* **STORED DATA**
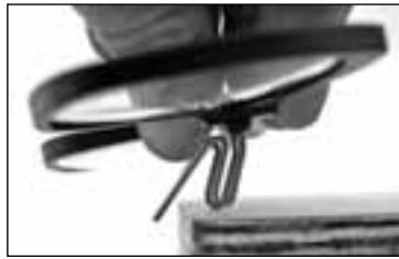
Push against a firm surface until you feel a "click"

2. Once the Lenses have been installed, attach the Mount Wire, P/N 530-923 onto the Retainer Frame, P/N 520-538 by inserting it into the slot on the front of the Frames.
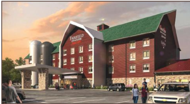
Fairfield Inn & Suites by Marriott at Fair Oaks Farms, Fair Oaks
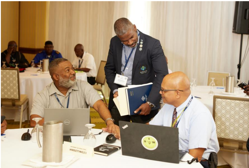
CIP-OAS & BPI Regional Table-Top Exercise, Bridgetown 2023
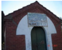
Fawkner Memorial Park
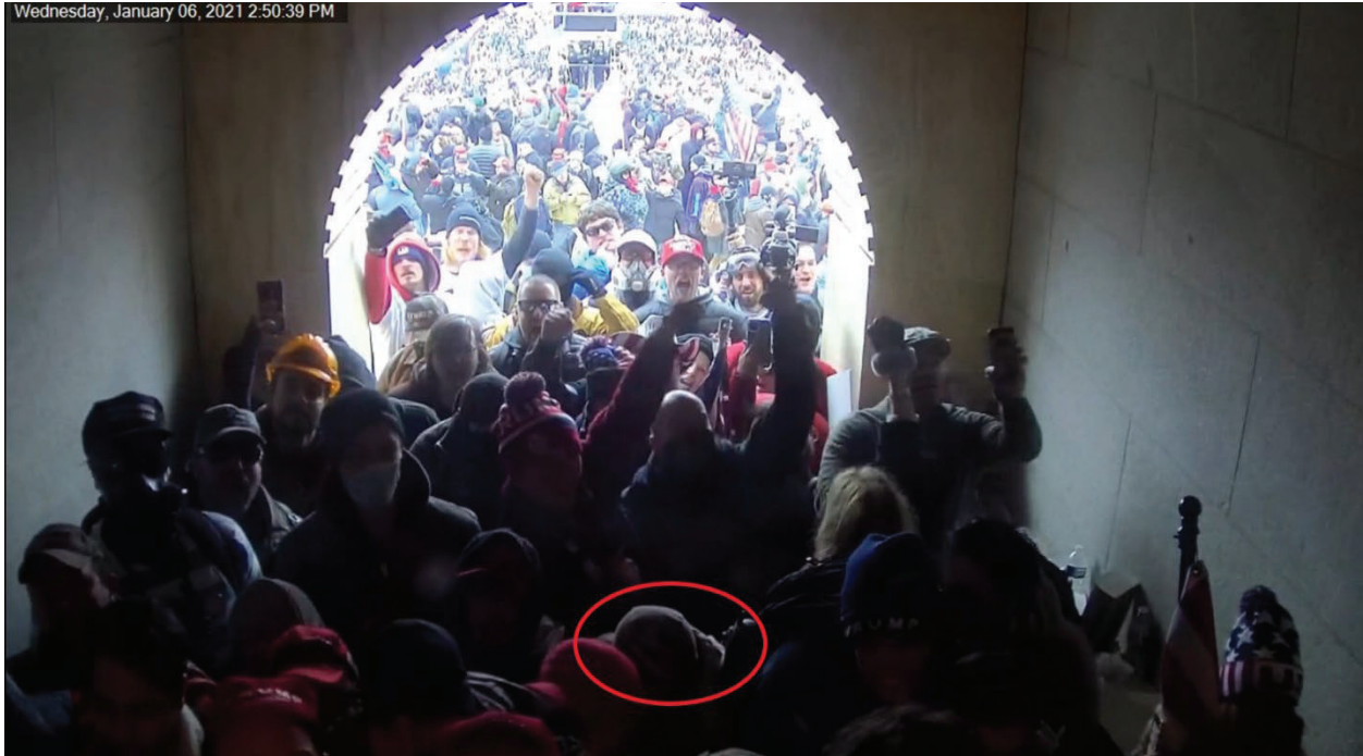
Image 5: Still image from Capitol building surveillance footage at 2:50:39 pm, depicting ASBURY inside the tunnel participating in a heave-ho effort against the police line.

After this first heave-ho effort, ASBURY stood at the mouth of the tunnel for approximately two minutes, with nothing appearing to prevent him from retreating. During that time, he handed a police riot shield to rioters outside the tunnel, as part of an effort to disarm the police, as captured in Image 6 .

* **ABOUT THIS TASK**
Set down, exactly as written, each line from the one that contains "2. Once the" to the last line of the records, but none of the pictures.

* **EXPECTED ANSWER**
2. Once the Lenses have been installed, attach the Mount Wire, P/N 530-923 onto the Retainer Frame, P/N 520-538 by inserting it into the slot on the front of the Frames.
Fairfield Inn & Suites by Marriott at Fair Oaks Farms, Fair Oaks
CIP-OAS & BPI Regional Table-Top Exercise, Bridgetown 2023
Fawkner Memorial Park
Image 5: Still image from Capitol building surveillance footage at 2:50:39 pm, depicting ASBURY inside the tunnel participating in a heave-ho effort against the police line.

After this first heave-ho effort, ASBURY stood at the mouth of the tunnel for approximately two minutes, with nothing appearing to prevent him from retreating. During that time, he handed a police riot shield to rioters outside the tunnel, as part of an effort to disarm the police, as captured in Image 6 .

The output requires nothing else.